Saturday, August 1, 2009

From Joey Reim

I had expected that at some point in the trip I would have had some kind of life changing moment where I felt overwhelmed with the power of the Spirit working, or seeing extreme poverty, or seeing all the evil that sin has caused. I experienced all of this while in India, but it never struck me all at once.

It is easier now that i am home to reflect back on the trip and recognize everything the Lord was revealing to me. I saw the Spirit working in the children as they listened in wonder to the messages we had for them in our stories, and i saw it in the many seminary students who were, out of a deep love for their Savior, preparing to spread His Word throughout their country. I saw it in the leaders of the BELC as they continually thanked us in their words and actions for taking the time to share God's message of salvation with their members. And I saw it in our own group as we worshiped and prayed together daily, and encouraged each other as we taught our lessons. I also saw the poverty of the country when people would beg desperately for food or money. The shabby clothes, tiny huts and churches with no air conditioning or fans that people crowded into to hear the Word of God showed me that most of those people could not possibly imagine the luxury we enjoy and sometimes take for granted. I saw the evil which darkens the country in the huge, elaborate Hindu temples surrounded by people waiting for a chance to enter with gifts for their worthless idols. One of the most frightening places we visited was the town of Tirumala, an entire city dedicated to the Hindu temple built up on a hill. The "Disney Land" of the Hindus. Satan had used the misleading religion to disguise the city to look like fun and excitement, attracting devastating amounts of worshipers and pilgrims. All of these things were not overlooked on the trip, and certainly will not be forgotten.

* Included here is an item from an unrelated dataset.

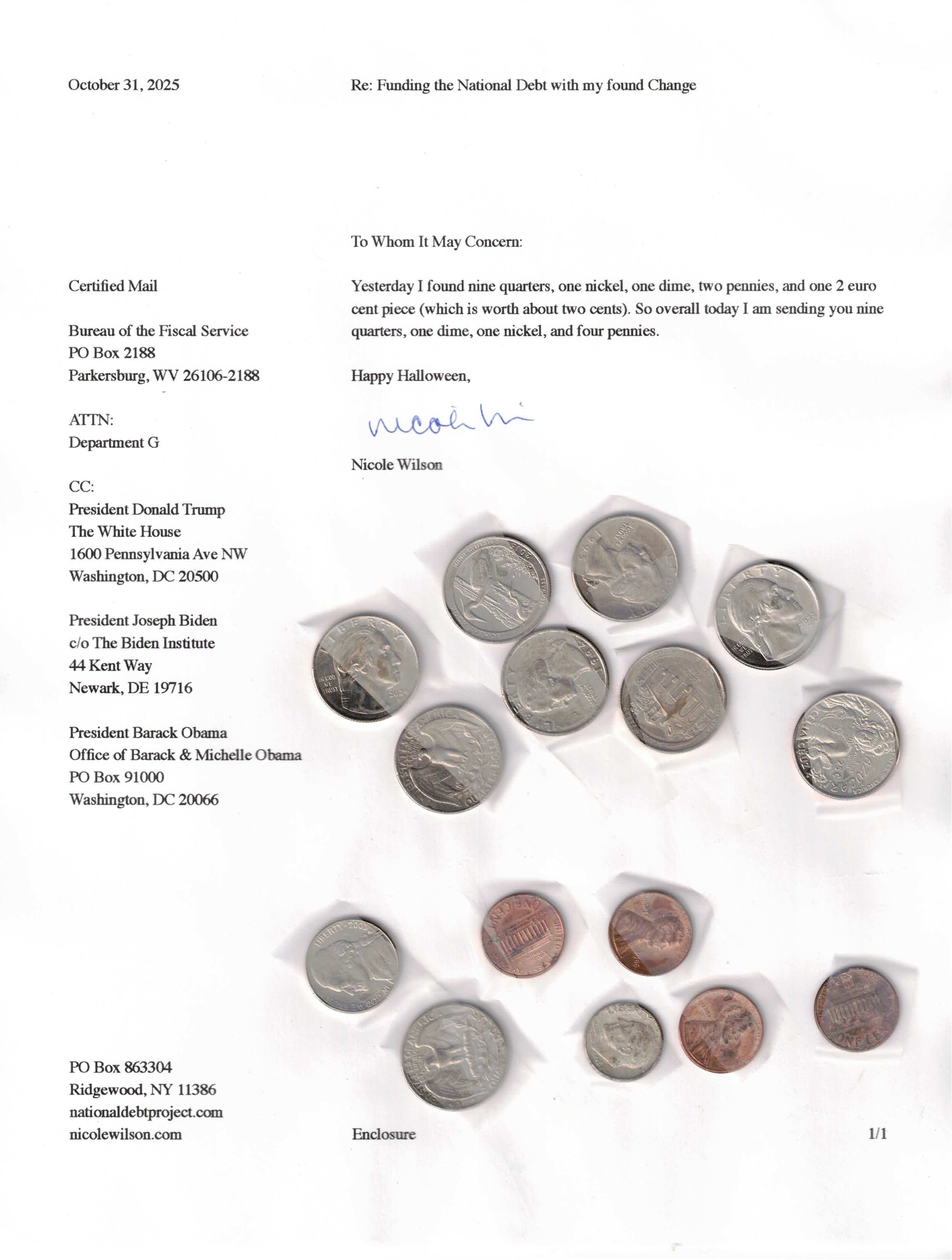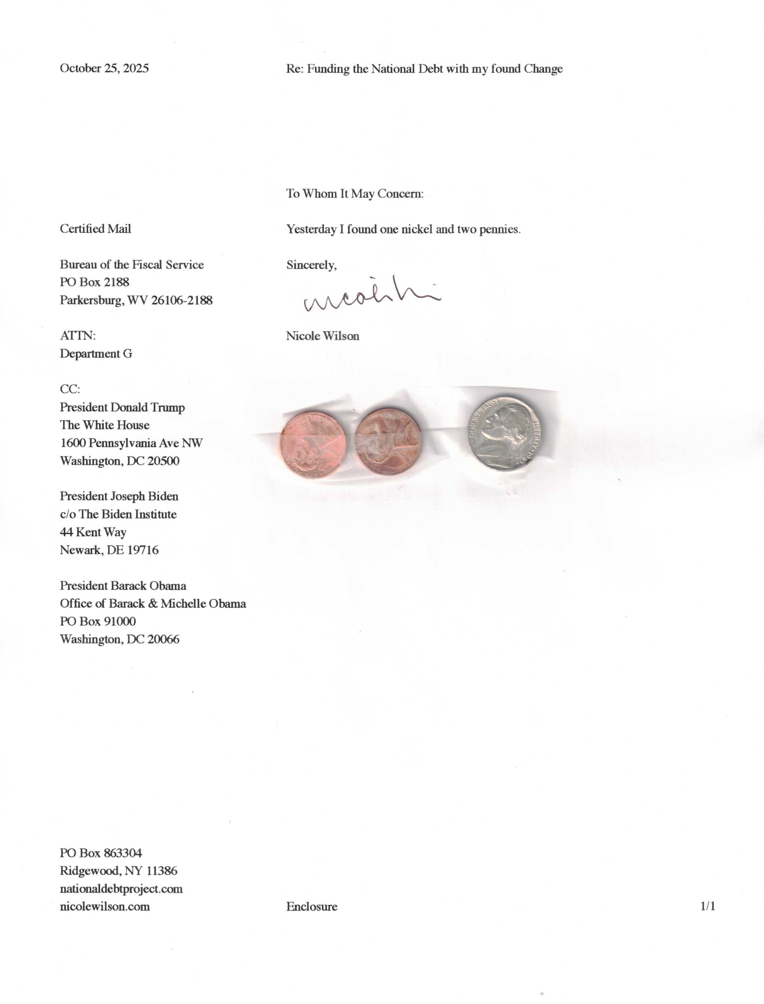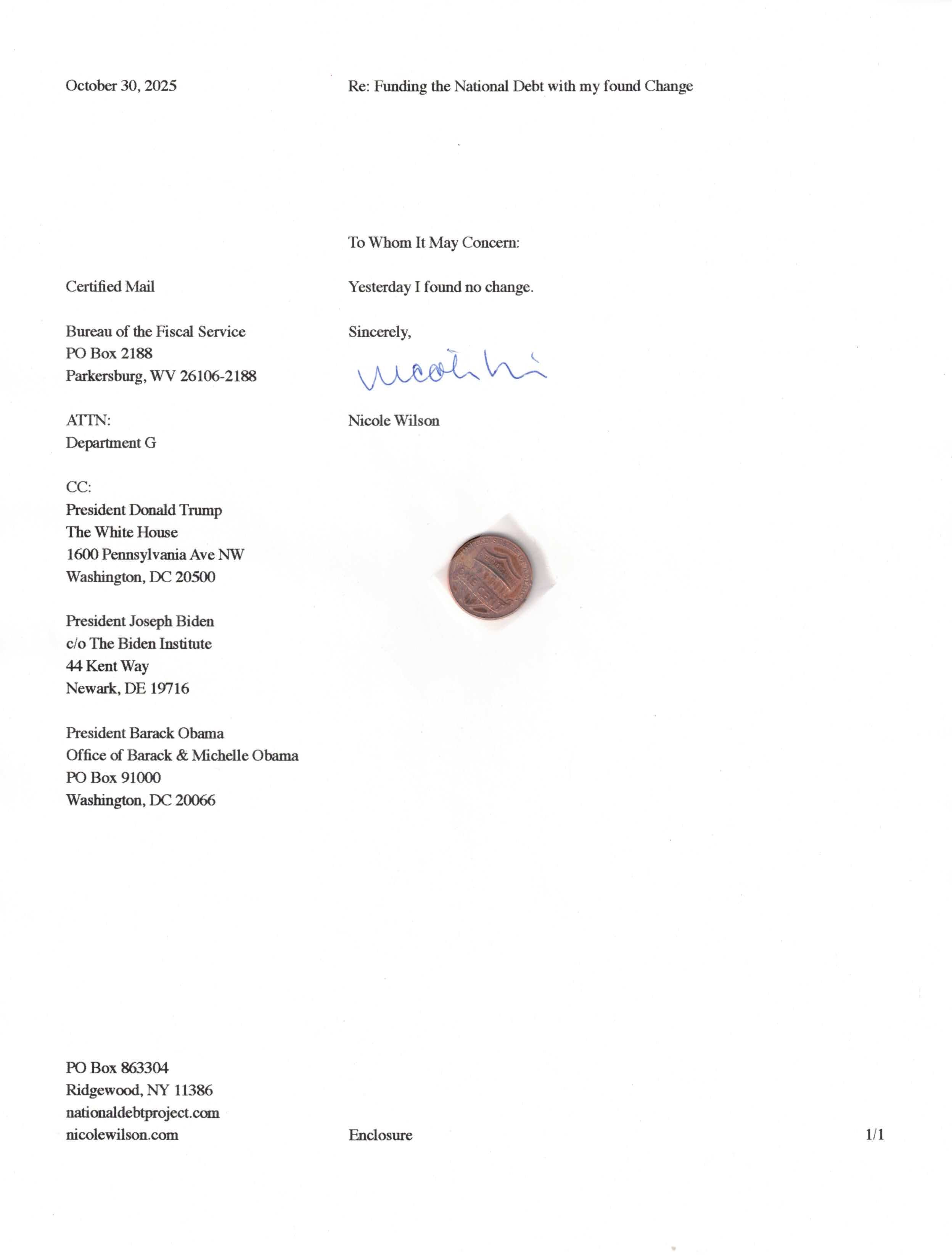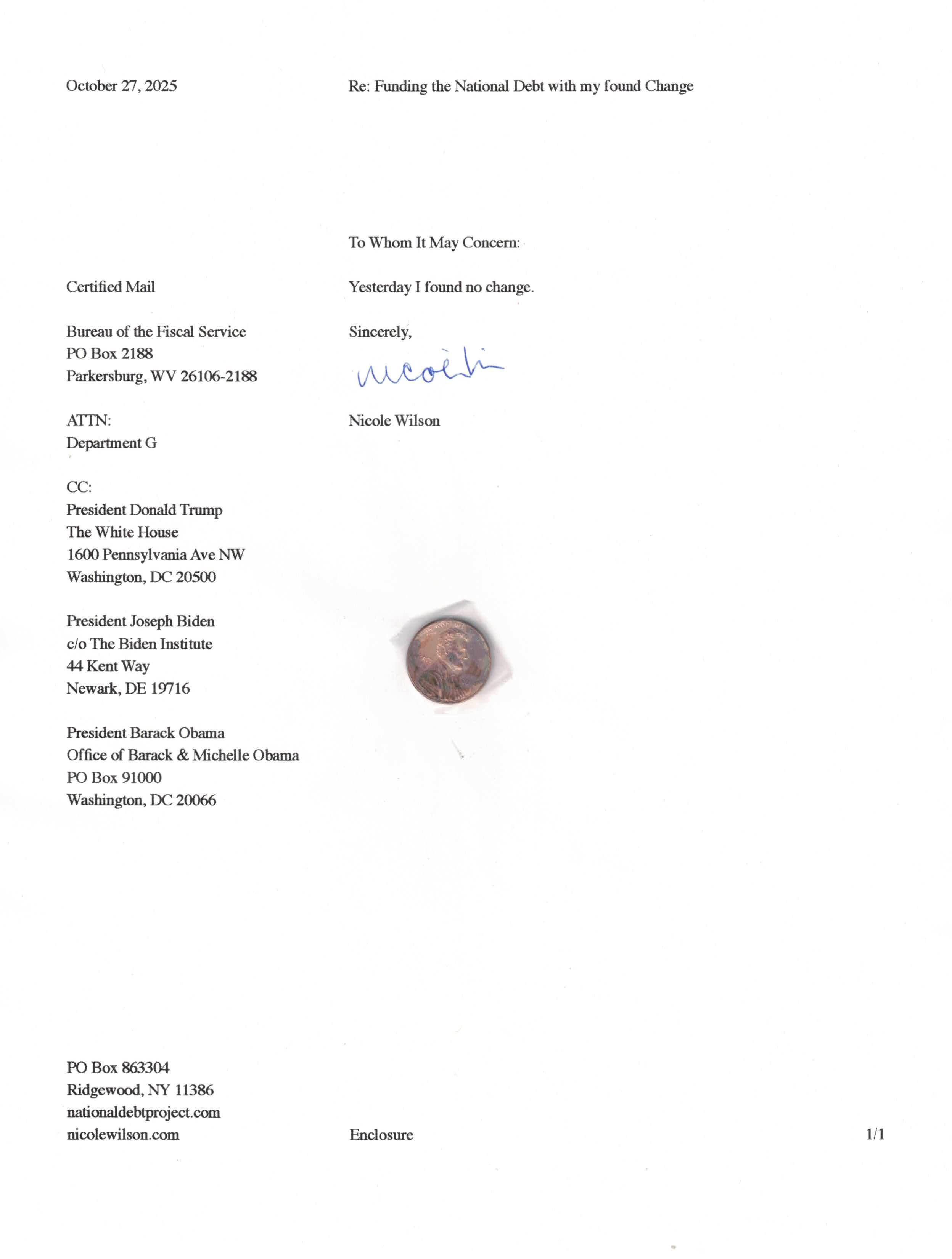 Yet, as I went through each day, I found at least one discarded penny. So, since August 31, 2009, I have sent my found change daily via certified mail to the Bureau of the Fiscal Service (previously the Bureau of the Public Debt), a sector of the Treasury Department whose purpose is to manage the deficit. If by some chance I do not find any change one day, then I send a penny of my own.

"Go therefore and make disciples of all the nations, baptizing them in the name of the Father, and of the Son, and of the Holy Ghost, teaching them to observe all things I have commanded you." ~ Matthew 28:19-20

These are the words Jesus left His disciples with before He ascended into heaven, one of the greatest of His commandments. I can remember back years ago when I was much younger, memorizing this passage and wondering how I would ever be able to do this. I prayed for the strength to spread His word and not be afraid, and the opportunity came while I was in India. With the support of my fellow brothers and sisters in Christ, we were able to evangelize to hundreds of God's children these past two weeks. It is my prayer that our message not only strengthened the faith of those who are already believers, but that it also reached the ears of many unbelievers for the first time. I pray that those who heard us were moved by the Spirit, that those who lack the comforts and necessities of life find comfort and hope in the news of their salvation, and that those who may be easily lead astray were brought closer to their Savior. I thanks God for the opportunity He gave to me to plant the seed of faith in their hearts and I pray that the Spirit will continue to grow and nourish it.

"And lo, I am with you always, even to the end of the age." ~ Matthew 28:20

The first part of the passage motivated me throughout the trip, but the second part comforts me now that I am home again. I felt the Lord's presence close to me while in India. Being around others with such solid faith helped me to strengthen my own faith during the trip. But now that we've gone our separate ways and another year of college is looming ahead I will be missing the close companionship of those who believe the same things that I do. It is easy to be distracted and lead astray with sinful temptations surrounding me, but this passage reminds me that I am not alone. I am assured that the Lord is on my side and will guide me wherever He wants me to go. I pray that after these weeks in India my faith is strong enough that I can be secure in my beliefs and be open about it with the people I meet this year. I have seen how powerful God's Word is in the Hindu stricken nation of India, and I trust that it will guide my thoughts, words, and actions as I grow spiritually and emotionally in the coming years.